## THE PROBLEM
Could you retype the lines below, starting at the line holding "30x Clothing Patches" and stopping at the line holding "Close-Up of Oyster", inclusive? Copy them exactly and drop the images.

## ENTRIES PROVIDED
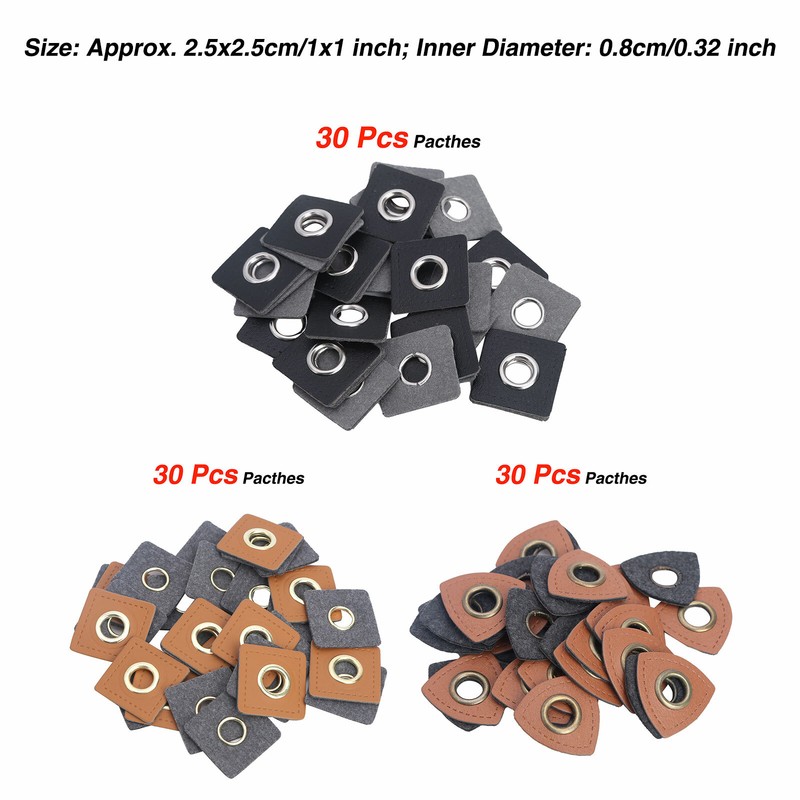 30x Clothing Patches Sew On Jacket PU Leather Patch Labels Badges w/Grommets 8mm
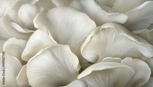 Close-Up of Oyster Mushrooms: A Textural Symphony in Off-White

--

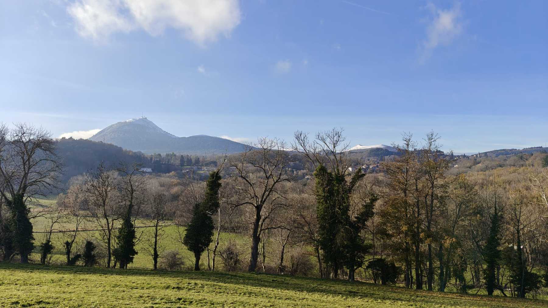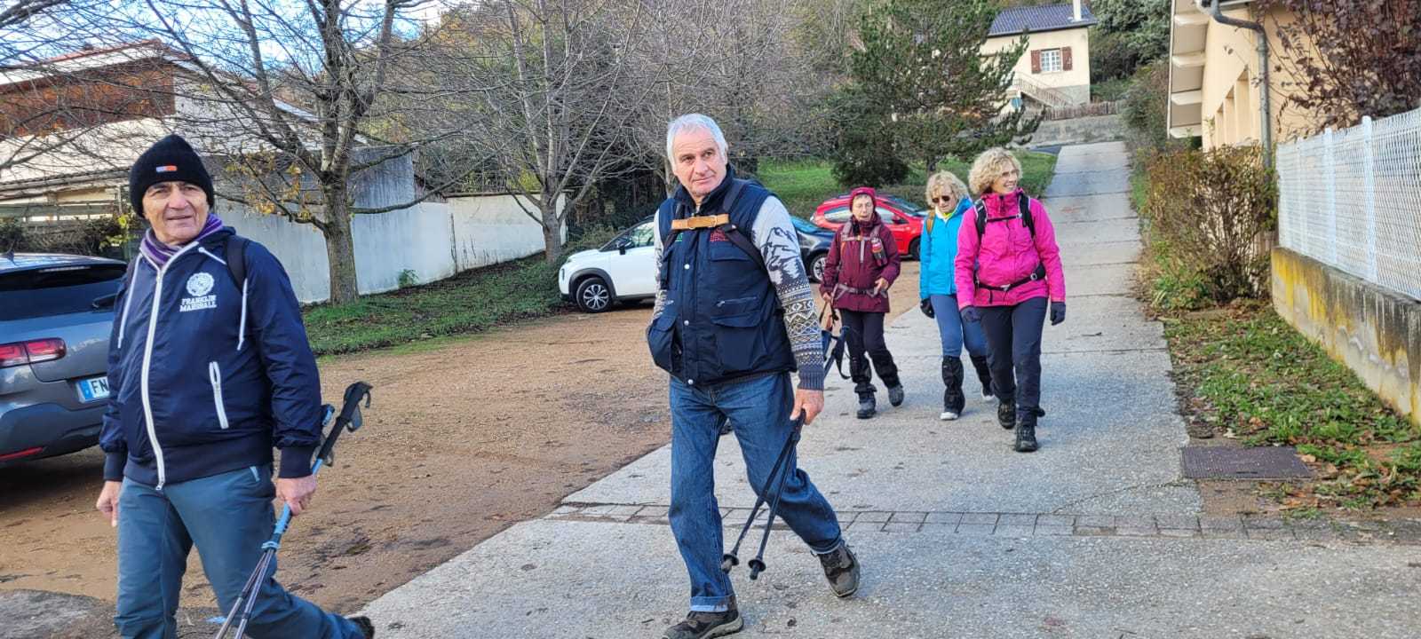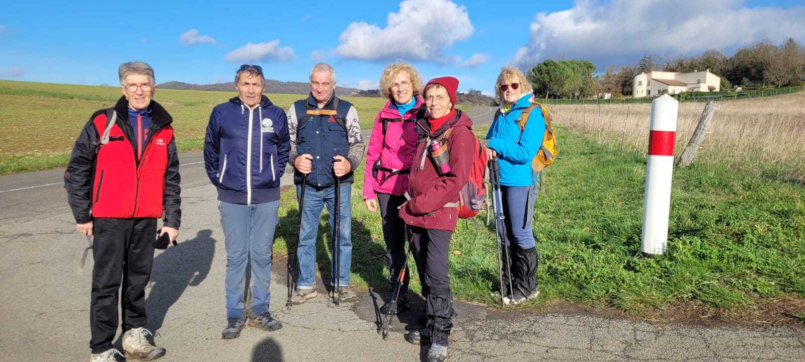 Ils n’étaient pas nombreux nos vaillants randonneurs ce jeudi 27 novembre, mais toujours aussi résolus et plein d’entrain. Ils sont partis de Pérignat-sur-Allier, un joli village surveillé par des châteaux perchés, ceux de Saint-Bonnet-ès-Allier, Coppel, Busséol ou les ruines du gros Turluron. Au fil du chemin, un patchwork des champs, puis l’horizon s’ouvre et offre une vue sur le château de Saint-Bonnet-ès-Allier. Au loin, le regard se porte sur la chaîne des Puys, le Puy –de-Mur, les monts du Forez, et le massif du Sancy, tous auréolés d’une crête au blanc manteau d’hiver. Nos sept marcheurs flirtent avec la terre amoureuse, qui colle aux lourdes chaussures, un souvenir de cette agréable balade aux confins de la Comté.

...

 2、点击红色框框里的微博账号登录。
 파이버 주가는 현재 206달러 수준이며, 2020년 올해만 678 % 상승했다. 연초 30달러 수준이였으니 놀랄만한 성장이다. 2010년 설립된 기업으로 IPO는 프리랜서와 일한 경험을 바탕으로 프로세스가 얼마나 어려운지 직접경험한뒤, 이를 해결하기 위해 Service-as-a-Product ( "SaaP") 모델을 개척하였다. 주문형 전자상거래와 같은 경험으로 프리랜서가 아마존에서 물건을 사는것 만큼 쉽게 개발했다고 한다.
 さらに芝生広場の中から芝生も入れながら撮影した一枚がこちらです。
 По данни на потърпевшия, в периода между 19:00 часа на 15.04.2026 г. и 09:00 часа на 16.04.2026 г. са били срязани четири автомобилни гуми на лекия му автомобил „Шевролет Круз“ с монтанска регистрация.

## TASK ANSWER
 30x Clothing Patches Sew On Jacket PU Leather Patch Labels Badges w/Grommets 8mm
 Close-Up of Oyster Mushrooms: A Textural Symphony in Off-White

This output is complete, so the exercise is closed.